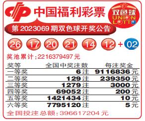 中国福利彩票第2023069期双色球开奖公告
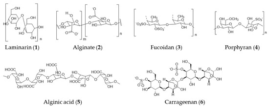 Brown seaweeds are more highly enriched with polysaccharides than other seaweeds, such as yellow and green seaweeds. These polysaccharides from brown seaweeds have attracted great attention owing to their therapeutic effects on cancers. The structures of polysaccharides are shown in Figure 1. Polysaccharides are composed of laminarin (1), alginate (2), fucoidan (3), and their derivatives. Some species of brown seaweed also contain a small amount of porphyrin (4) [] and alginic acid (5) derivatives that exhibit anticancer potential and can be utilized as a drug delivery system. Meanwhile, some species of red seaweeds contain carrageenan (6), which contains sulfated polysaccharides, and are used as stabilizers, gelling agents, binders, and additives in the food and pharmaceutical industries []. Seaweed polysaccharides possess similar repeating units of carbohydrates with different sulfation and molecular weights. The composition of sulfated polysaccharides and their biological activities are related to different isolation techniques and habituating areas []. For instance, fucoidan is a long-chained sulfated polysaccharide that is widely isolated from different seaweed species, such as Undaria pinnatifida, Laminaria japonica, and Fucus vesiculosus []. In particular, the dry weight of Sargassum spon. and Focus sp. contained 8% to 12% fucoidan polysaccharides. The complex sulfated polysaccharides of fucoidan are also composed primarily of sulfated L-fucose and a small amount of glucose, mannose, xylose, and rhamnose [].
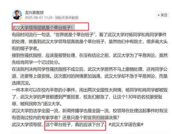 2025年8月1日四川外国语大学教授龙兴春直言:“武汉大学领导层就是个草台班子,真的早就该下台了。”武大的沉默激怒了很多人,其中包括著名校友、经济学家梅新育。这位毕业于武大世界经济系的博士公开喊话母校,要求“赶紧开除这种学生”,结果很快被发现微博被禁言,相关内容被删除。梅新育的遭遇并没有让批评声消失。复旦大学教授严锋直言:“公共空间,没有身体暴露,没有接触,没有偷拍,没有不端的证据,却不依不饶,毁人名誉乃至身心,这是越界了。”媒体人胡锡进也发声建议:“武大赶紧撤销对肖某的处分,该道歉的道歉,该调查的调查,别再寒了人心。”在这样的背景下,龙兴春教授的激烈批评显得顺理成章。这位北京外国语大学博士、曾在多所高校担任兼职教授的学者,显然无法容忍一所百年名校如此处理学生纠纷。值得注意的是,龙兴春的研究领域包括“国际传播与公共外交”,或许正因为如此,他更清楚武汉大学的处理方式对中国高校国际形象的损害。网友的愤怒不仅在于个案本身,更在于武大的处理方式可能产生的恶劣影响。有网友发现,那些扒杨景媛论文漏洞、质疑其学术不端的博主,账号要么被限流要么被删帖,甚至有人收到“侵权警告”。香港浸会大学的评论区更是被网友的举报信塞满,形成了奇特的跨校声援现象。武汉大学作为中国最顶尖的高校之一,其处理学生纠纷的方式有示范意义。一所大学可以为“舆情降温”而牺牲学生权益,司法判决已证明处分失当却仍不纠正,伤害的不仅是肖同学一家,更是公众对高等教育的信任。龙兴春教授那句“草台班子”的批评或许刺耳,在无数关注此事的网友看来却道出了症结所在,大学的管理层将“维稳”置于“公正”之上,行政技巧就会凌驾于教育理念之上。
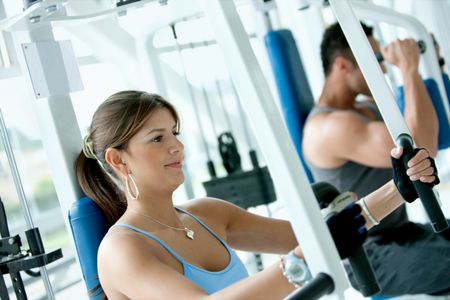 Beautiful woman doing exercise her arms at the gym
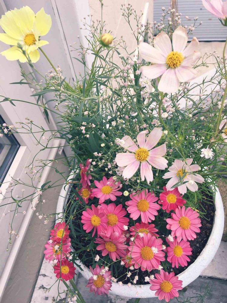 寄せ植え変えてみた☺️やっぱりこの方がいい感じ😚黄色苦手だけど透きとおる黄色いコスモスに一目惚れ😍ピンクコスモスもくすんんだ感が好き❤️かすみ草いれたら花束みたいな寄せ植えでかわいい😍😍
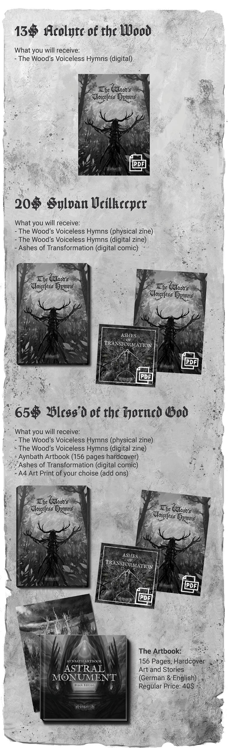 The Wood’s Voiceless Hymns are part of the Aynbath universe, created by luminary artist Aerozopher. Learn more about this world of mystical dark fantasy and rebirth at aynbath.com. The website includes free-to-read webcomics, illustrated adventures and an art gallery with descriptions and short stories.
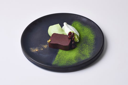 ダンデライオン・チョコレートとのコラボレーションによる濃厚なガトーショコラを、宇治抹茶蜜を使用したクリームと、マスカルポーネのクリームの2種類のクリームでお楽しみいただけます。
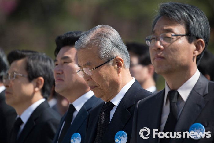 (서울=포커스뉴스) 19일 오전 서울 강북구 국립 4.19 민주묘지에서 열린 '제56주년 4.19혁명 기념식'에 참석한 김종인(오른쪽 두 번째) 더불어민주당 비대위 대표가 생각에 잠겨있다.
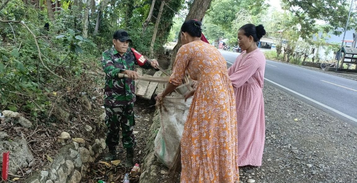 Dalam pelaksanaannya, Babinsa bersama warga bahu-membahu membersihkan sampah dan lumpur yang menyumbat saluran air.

=====

_Task_
Exact copy, no pictures. Write out the lines in the entries above, starting with the line with "ダンデライオン・チョコレート" and going on through the line with "(서울=포커스뉴스) 19일 오전", keeping both.

_Exercise solution_
 ダンデライオン・チョコレートとのコラボレーションによる濃厚なガトーショコラを、宇治抹茶蜜を使用したクリームと、マスカルポーネのクリームの2種類のクリームでお楽しみいただけます。
 (서울=포커스뉴스) 19일 오전 서울 강북구 국립 4.19 민주묘지에서 열린 '제56주년 4.19혁명 기념식'에 참석한 김종인(오른쪽 두 번째) 더불어민주당 비대위 대표가 생각에 잠겨있다.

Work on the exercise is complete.